AVAILABLE DATA section start

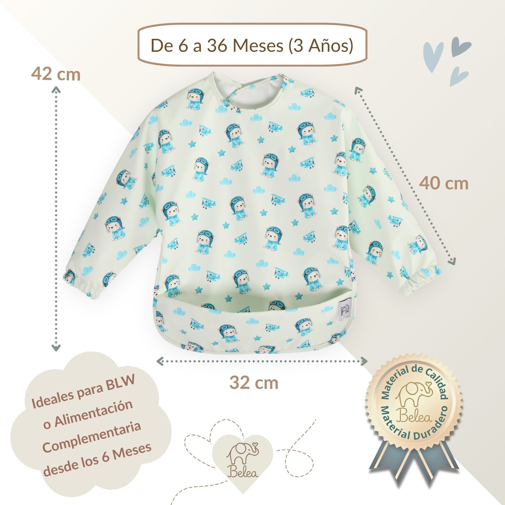 ⇨ IDEAL PARA BEBÉS ENTRE 6 a 36 MESES (3 años): El babero con mangas es ideal para bebés de 6 a 36 meses, mientras que el babero sin mangas se adapta hasta los 5 años, brindando una protección prolongada a medida que tu pequeño crece.
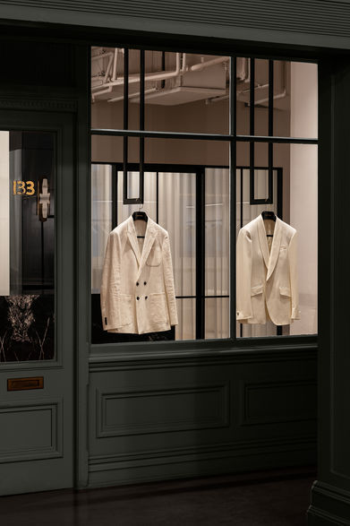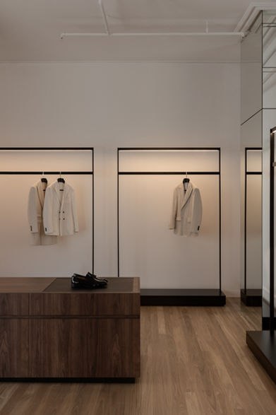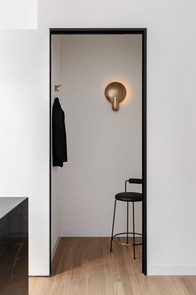 Planning resolved an irregular tenancy through a concept derived from a nautilus shell. A circular vestibule formed the core, with rooms radiating from it to create intuitive circulation and privacy. Existing columns were absorbed into the composition rather than concealed, turning constraints into architectural features.
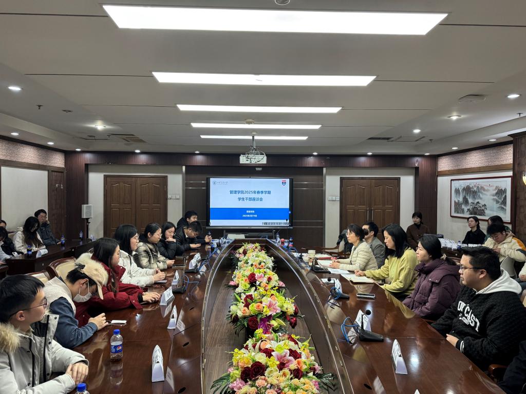 于2月19日举办新学期全体本硕博学生干部座谈会。学院党委副书记叶宁、研究生辅导员李明睿和胡瑛出席本次座谈会。会议由李明睿主持。
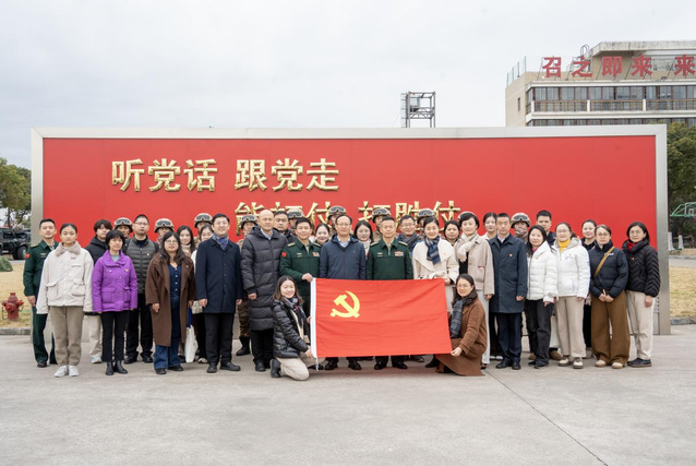 为深入学习贯彻党的二十届三中全会精神,进一步加强军校协同建设,深化军民融合,提升基层党支部的凝聚力和战斗力,12月25日上午,学工部党支部、教务处党支部20余名教师党员代表及2025年上半年参军入伍的意向学生代表共同前往武警上海总队执勤第二支队某部,联合开展了一场“进军营、学作风,强党性、勇担当”的主题党日活动。

AVAILABLE DATA section end

Each line above is to be copied verbatim. Drop any image from the copy.

 ⇨ IDEAL PARA BEBÉS ENTRE 6 a 36 MESES (3 años): El babero con mangas es ideal para bebés de 6 a 36 meses, mientras que el babero sin mangas se adapta hasta los 5 años, brindando una protección prolongada a medida que tu pequeño crece.
 Planning resolved an irregular tenancy through a concept derived from a nautilus shell. A circular vestibule formed the core, with rooms radiating from it to create intuitive circulation and privacy. Existing columns were absorbed into the composition rather than concealed, turning constraints into architectural features.
 于2月19日举办新学期全体本硕博学生干部座谈会。学院党委副书记叶宁、研究生辅导员李明睿和胡瑛出席本次座谈会。会议由李明睿主持。
 为深入学习贯彻党的二十届三中全会精神,进一步加强军校协同建设,深化军民融合,提升基层党支部的凝聚力和战斗力,12月25日上午,学工部党支部、教务处党支部20余名教师党员代表及2025年上半年参军入伍的意向学生代表共同前往武警上海总队执勤第二支队某部,联合开展了一场“进军营、学作风,强党性、勇担当”的主题党日活动。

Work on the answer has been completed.